Taliban dissolves Human Rights Commission, bans private security companies, saying these were no longer needed
The ministry also ordered companies to hand over their weapons, operation information, contracts signed in the last two decades, and a list of the people and organizations they guarded so far. Importantly, a number of firms were also providing security to foreign embassies and international aid groups operating in the country
Nine months after it captured power, Afghanistan’s de-facto rulers, the Taliban, has dissolved key state bodies, including the Human Rights Commission, arguing they were no longer needed in the country. Although the dissolution comes when the group announced its annual budget, these organizations had long stopped functioning since the regime change last year.
Last week, when the Taliban announced an annual budget of almost $500 million deficit, the ultra-conservative group made no allocations for a number of state organizations founded by the erstwhile US-backed Afghan government.

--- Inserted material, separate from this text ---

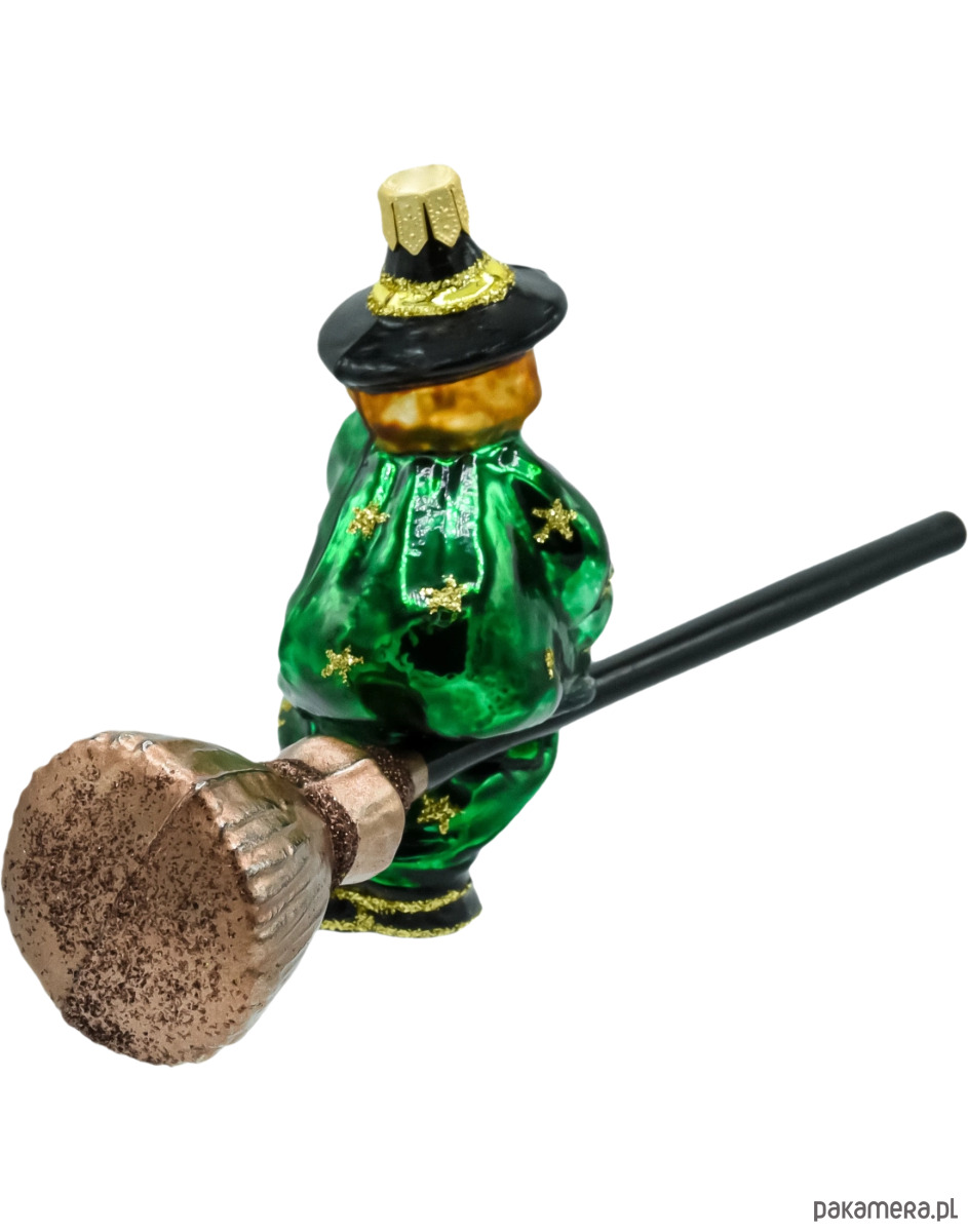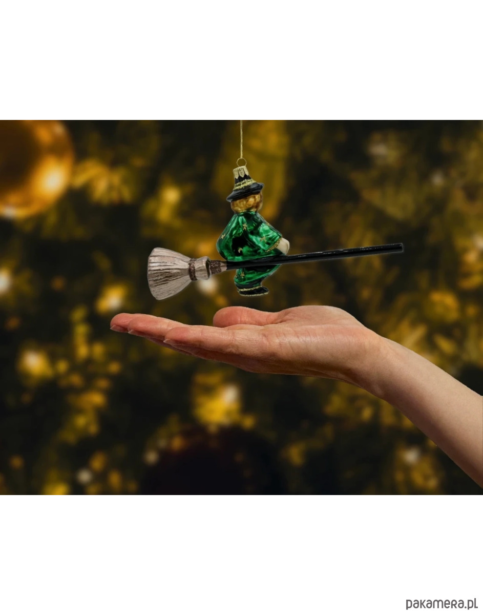 Szklana bombka-figurka Czarownica na miotle to ręcznie robione arcydzieło polskiej pracowni. Każdy egzemplarz jest ustnie dmuchany ze szkła, a następnie ręcznie malowany i zdobiony złotym brokatem. Głęboka zieleń szaty, czarny kapelusz z brokatowym rantem oraz charakterystyczna miotła z długim kijem tworzą efektowną, humorystyczną scenkę, która od razu przyciąga wzrok na choince. To idealna bombka dla fanów baśni, fantasy i… odrobiny psot w świątecznym wystroju.

Many of these organizations were created to hold powerful accountability and increase transparency in the government.
"Because these departments were not deemed necessary and were not included in the budget, they have been dissolved," Innamullah Samangani, the Taliban government's deputy spokesman, said.
Among those organisations dissolved are the High Council for National Reconciliation (HCNR), the National Security Council, and the commission for overseeing the implementation of the Afghan constitution.
Significantly, the country’s Interior Ministry headed by the chief of the Haqqani Network, Sirajuddin Haqqani, released a separate order disbanding the operations of private security firms in the country.
The ministry also ordered companies to hand over their weapons, operation information, contracts signed in the last two decades, and a list of the people and organizations they guarded so far. Importantly, a number of firms were also providing security to foreign embassies and international aid groups operating in the country.
It was not immediately known how many people would get rendered unemployed by this disbanding and how these people were proposed to be rehabilitated.
Last year, soon after taking power, the Taliban also disbanded the Ministry of Women and converted it into the Ministry For Propagation of Virtue and Prevention for Vice, an infamous body known for enforcing moral policing, mainly restricting the rights of women.